O Programa Alimentar Mundial afirma que cerca de 750.000 civis estão agora a passar fome intencionalmente. Isto, por uma nação supostamente civilizada. E, sem hospitais, sem medicamentos, sem água e sem esgotos, é apenas uma questão de tempo até que doenças epidémicas surjam e se espalhem e matem centenas de milhares de pessoas. É um assassinato em massa indisfarçado com o objectivo inegável de limpeza étnica, que sempre foi a agenda de Israel, mesmo antes da sua fundação.
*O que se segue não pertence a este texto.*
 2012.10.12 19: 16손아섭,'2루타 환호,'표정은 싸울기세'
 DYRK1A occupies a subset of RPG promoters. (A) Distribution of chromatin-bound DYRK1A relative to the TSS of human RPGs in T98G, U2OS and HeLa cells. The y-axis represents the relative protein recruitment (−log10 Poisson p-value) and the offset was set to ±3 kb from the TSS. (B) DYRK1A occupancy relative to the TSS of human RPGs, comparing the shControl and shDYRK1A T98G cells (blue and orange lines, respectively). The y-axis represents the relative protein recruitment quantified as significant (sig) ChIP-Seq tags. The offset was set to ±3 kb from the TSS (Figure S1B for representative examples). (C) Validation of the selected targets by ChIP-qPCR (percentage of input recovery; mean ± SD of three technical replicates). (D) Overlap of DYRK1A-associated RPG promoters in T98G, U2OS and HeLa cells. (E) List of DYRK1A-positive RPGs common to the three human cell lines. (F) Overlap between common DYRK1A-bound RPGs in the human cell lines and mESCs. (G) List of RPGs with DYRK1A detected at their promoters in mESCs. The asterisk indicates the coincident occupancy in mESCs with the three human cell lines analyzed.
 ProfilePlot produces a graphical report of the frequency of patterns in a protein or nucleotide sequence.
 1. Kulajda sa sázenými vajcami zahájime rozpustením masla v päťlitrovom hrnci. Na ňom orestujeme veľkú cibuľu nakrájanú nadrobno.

É um genocídio, puro e simples, e tudo à vista do público dos 8 mil milhões de pessoas do mundo.

Em Gaza, os EUA regressam às suas raízes, embora indiretamente. Também foi fundada no genocídio, no seu caso, dos mais de 50 milhões de nativos americanos que outrora povoaram o continente norte-americano. Também utilizou força imensamente desproporcional, exterminando sistematicamente uma civilização da idade da pedra, as ferramentas mecanizadas de uma civilização da era industrial. Também reforçou o seu compromisso com a limpeza étnica com os seus mitos auto-lisonjeiros de superioridade racial e os seus conceitos cuidadosamente cultivados de supremacia cultural.

A diferença é que então o mundo inteiro não assistia à depravação diária. E não tinha formado a sua actual repulsa e proibições internacionais contra essa barbárie patrocinada pelo Estado. Agora é, e tem. Os danos à reputação dos EUA são palpáveis, inegáveis, impressionantes e irreversíveis.
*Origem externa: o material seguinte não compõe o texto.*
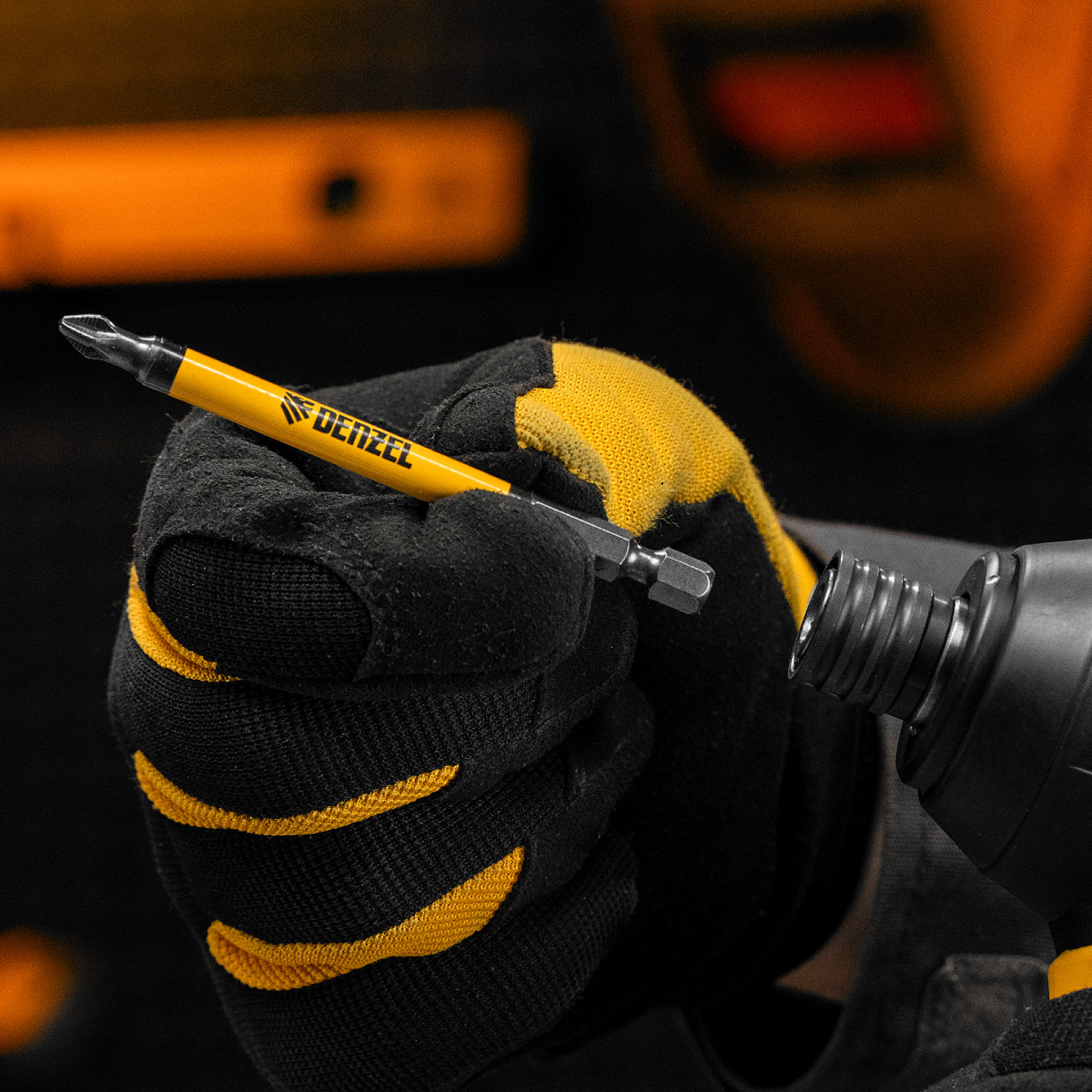 - Высокая результативность даже в ограниченном пространстве — благодаря удлиненному до 90 мм профилю битами удобно работать в труднодоступных местах.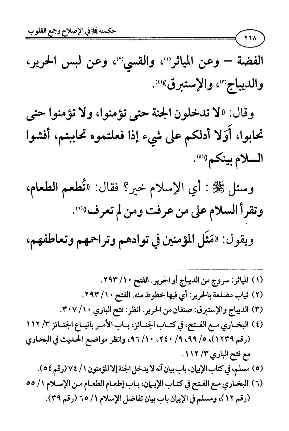 (¬6) البخاري مع الفتح في كتاب الإيمان، باب إطعام الطعام من الإسلام 1/ 55 (رقم 12)، ومسلم في الإيمان باب بيان تفاضل الإسلام 1/ 65 (رقم 39).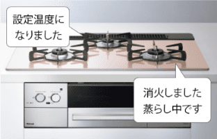 機能・安全装置 | ・調理油過熱防止装置 ・高温自動温度調節機能 ・焦げつき消火機能 ・温度設定機能 ・炊飯機能 ・湯わかし機能 ・コンロタイマー機能 ・コンロ消し忘れ消火機能 ・高温炒め機能 ・ラク点火 ・グリル調理タイマー ・グリル過熱防止センサー ・オートグリル機能 ・電池交換サイン ・音声ガイド ・感震停止機能 ・風量自動切替のレンジフード連動機能 ・点火ロック |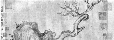 佳士得在宣傳材料中介紹,《木石圖》又稱《枯木怪石圖》,是蘇軾任徐州太守時前往蕭縣圣泉寺時所創作的一幅紙本墨筆畫。該畫作畫面內容簡潔明了:一株枯木、一具怪石,怪石后有矮竹伸出。畫作裱成手卷,其后有題跋4首,包括同代著名畫家兼書法大師、與蘇軾同為“宋代四大書法名家”的米芾。畫卷另有鑒藏印共41枚。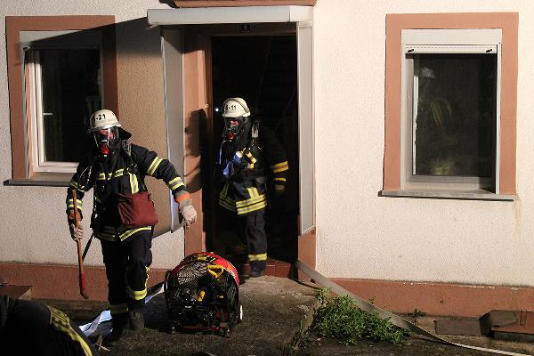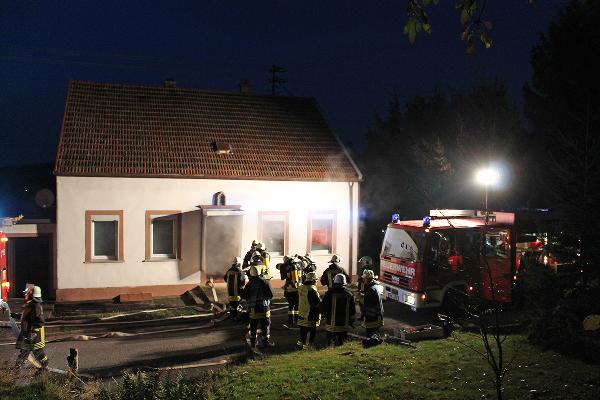 Der Brand war im Heizungsraum im Keller ausgebrochen und konnte sich durch einen Versorgungsschacht schnell bis zum Badezimmer im Erdgeschoss ausbreiten. Vier Personen mussten in dem komplett verrauchten Gebäude gefunden und der Brand bekämpft werden. Mit Atemschutzgeräten ausgerüstet wurde die Räume von mehreren Trupps abgesucht und die vermissten Bewohner schnell gerettet. Die Helfer der First-Responder-Gruppe übernahmen dann vor dem Gebäude die weitere Betreuung und Versorgung.

Eu não sou um batedor da Bíblia de forma alguma. Mas fui criado em uma família cristã e me lembro de alguns de meus versículos. Uma das mais sábias, de forma alguma ligada à teologia, é a de Marcos: “Ninguém pode ser contaminado por nada que lhe venha de fora. Um homem só pode ser contaminado por aquilo que sai de si mesmo, de dentro.” Não é verdade? Os EUA contaminaram-se, humilharam-se, como nenhuma outra nação poderia fazer. Destruiu a boa vontade que levou séculos a adquirir e que nunca será recuperada.

Se a Ucrânia exemplifica mais um icónico fracasso militar dos EUA, e os BRICS a mudança da guarda no domínio económico, a selvageria sádica em Gaza repudia o direito moral dos EUA de liderar… qualquer coisa. Nenhuma nação voltará a ser intimidada pelas suas críticas hipócritas sobre os direitos humanos ou pelo seu dedo hipócrita abanando sobre a responsabilidade de proteger. É, mais do que qualquer outra coisa, o principal fornecedor de morte do mundo e todas as nações do mundo podem ver isso.
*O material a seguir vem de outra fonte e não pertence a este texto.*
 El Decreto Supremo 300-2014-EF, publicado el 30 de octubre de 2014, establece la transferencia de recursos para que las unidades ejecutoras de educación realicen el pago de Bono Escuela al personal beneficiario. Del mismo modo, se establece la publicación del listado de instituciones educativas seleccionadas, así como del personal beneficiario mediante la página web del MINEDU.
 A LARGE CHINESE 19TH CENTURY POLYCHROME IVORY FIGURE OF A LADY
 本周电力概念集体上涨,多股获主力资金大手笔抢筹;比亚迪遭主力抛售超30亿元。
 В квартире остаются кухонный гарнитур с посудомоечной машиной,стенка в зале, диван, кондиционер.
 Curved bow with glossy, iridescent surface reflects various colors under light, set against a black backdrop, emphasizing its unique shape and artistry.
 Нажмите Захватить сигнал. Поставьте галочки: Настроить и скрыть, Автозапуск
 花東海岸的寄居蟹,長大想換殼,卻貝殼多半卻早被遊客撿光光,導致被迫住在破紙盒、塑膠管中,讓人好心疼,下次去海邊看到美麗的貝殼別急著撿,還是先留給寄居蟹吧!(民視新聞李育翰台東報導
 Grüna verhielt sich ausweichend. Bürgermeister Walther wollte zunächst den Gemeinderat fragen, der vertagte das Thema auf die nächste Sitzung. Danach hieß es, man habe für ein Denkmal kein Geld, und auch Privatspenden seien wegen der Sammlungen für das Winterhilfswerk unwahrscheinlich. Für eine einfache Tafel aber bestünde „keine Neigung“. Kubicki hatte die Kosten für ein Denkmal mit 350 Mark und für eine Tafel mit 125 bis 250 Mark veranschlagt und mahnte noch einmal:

A combinação destes três eventos assinala o rebentamento da bolha da liderança global dos EUA em 2023. O ano será lembrado como o ponto crucial, o afastamento da era unipolar pós-Guerra Fria e a introdução do mundo multipolar pós-unipolar e pós-ocidental. Quinhentos anos de dominação ocidental da ordem mundial estão a terminar. Não haverá como voltar atrás.